Présenter l’envers du décor avec ces moments où le psy se retrouve face à ses doutes est tout à fait intéressant. Le praticien connaît son métier, il maitrise sa technique, mais cela ne l’empêche pas de questionner sa pratique. Il faut juste préciser que généralement il n’entretient pas de relations amicales avec celui ou celle qu’il va choisir pour cet exercice… Le contrôleur n’est pas non plus censé partager ses difficultés personnelles avec l’analyste qui le consulte.

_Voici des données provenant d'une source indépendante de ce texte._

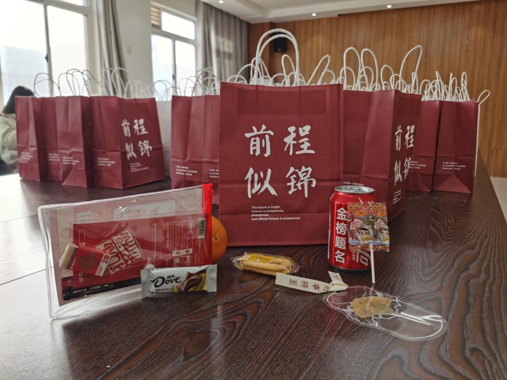 一“研”为定,温暖同行。在2023年全国硕士研究生入学考试倒计时的最后阶段,为帮助考研学子增强信心,舒缓压力,以更加积极平和的心态迎接考试,公司于2022年12月12日在环化楼507会议室举行2023届考研学子福袋发放仪式,公司副经理武占省、党委副书记林定武、团总支书记贾天昱及2019级考研员工代表们参与此次活动。
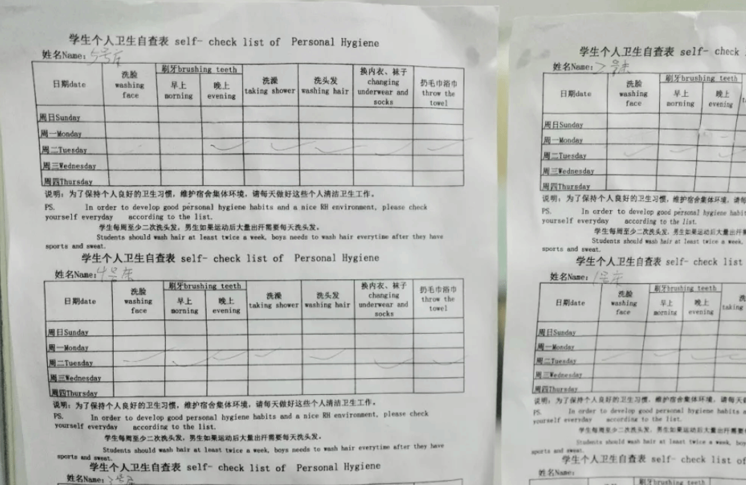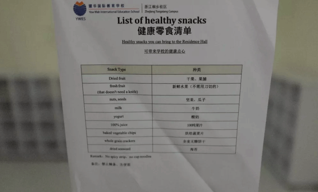 寝室的洗手间都有一张“个人卫生自查表”,在校的日子里要确认是不是都按要求完成了。寝室管理是有的放矢,比如零食可以带,但必须是“健康零食”。不能随意在卧室吃,更不能带去教学区,需要存放在“零食储藏室”。架子里有收纳盒,每个学生贴上自己的名字,把零食储存在里面。可以在休息区域活动的时候,取出来吃。
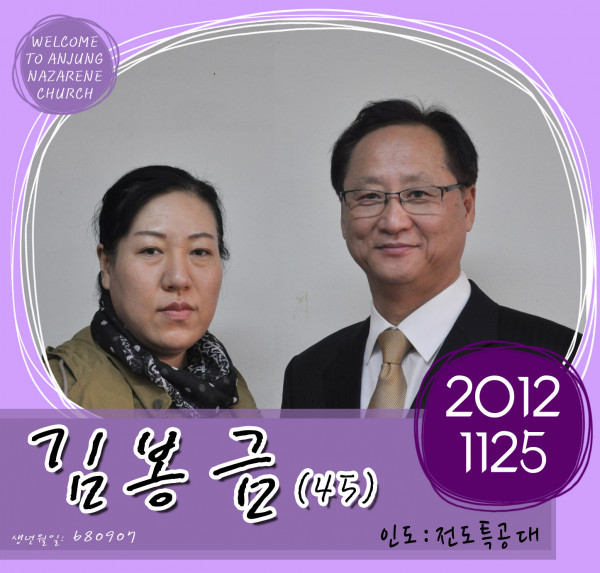 김봉금 성도 (2012-11-25) 등록
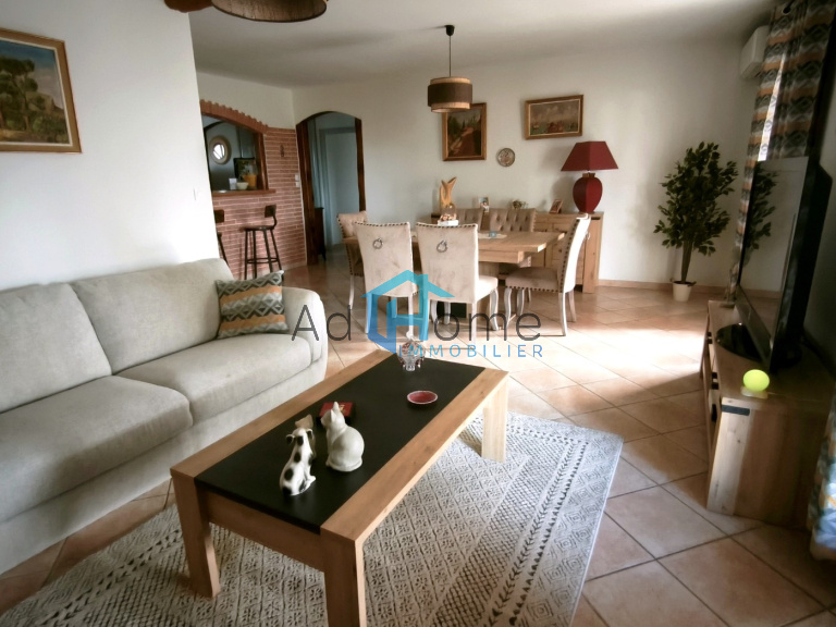 L’entrée avec placard dessert une cuisine semi-ouverte ainsi qu’un salon-salle à manger lumineux, ouvrant sur une grande terrasse couverte de plus de 30 m², avec vue sur la piscine et son pool house.
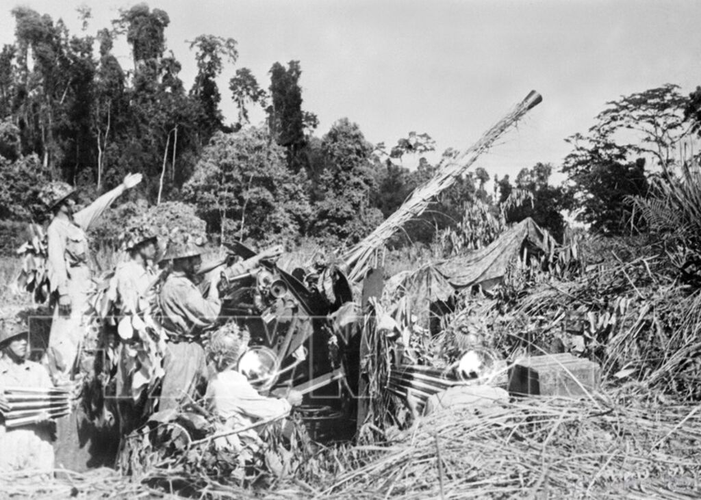 | The anti-aircraft artillery promotes its power, creating great problems for the French Army. On May 7, 1954, the historic Dien Bien Phu campaign successfully ends, with all enemy bases being destroyed.__Photo: VNA |

Le patient, héros de sa propre vie
Cette série pourrait s’envisager comme une invitation à être le héros de sa propre série, puisqu’en séance, le patient est au centre de ce qui va se dérouler avec l’aide professionnelle et bienveillante de son psy.
Mais après tout n’est-ce pas l’objectif de la psychothérapie et de la psychanalyse?
Lorsque les réalisateurs mettent en scène la rencontre entre des patients et leur psy, ils nous montrent comment la parole se délie, les mots reviennent, les images et les souvenirs douloureux ressurgissent. On passe ainsi des angoisses aux larmes qui libèrent. Les colères enfin entendues se comprennent et s’apaisent lorsqu’elles sont formulées.
Grâce à ce processus, le patient va pouvoir accéder à ses propres choix. Car il s’agit bien de mieux se connaître pour se comprendre soi-même.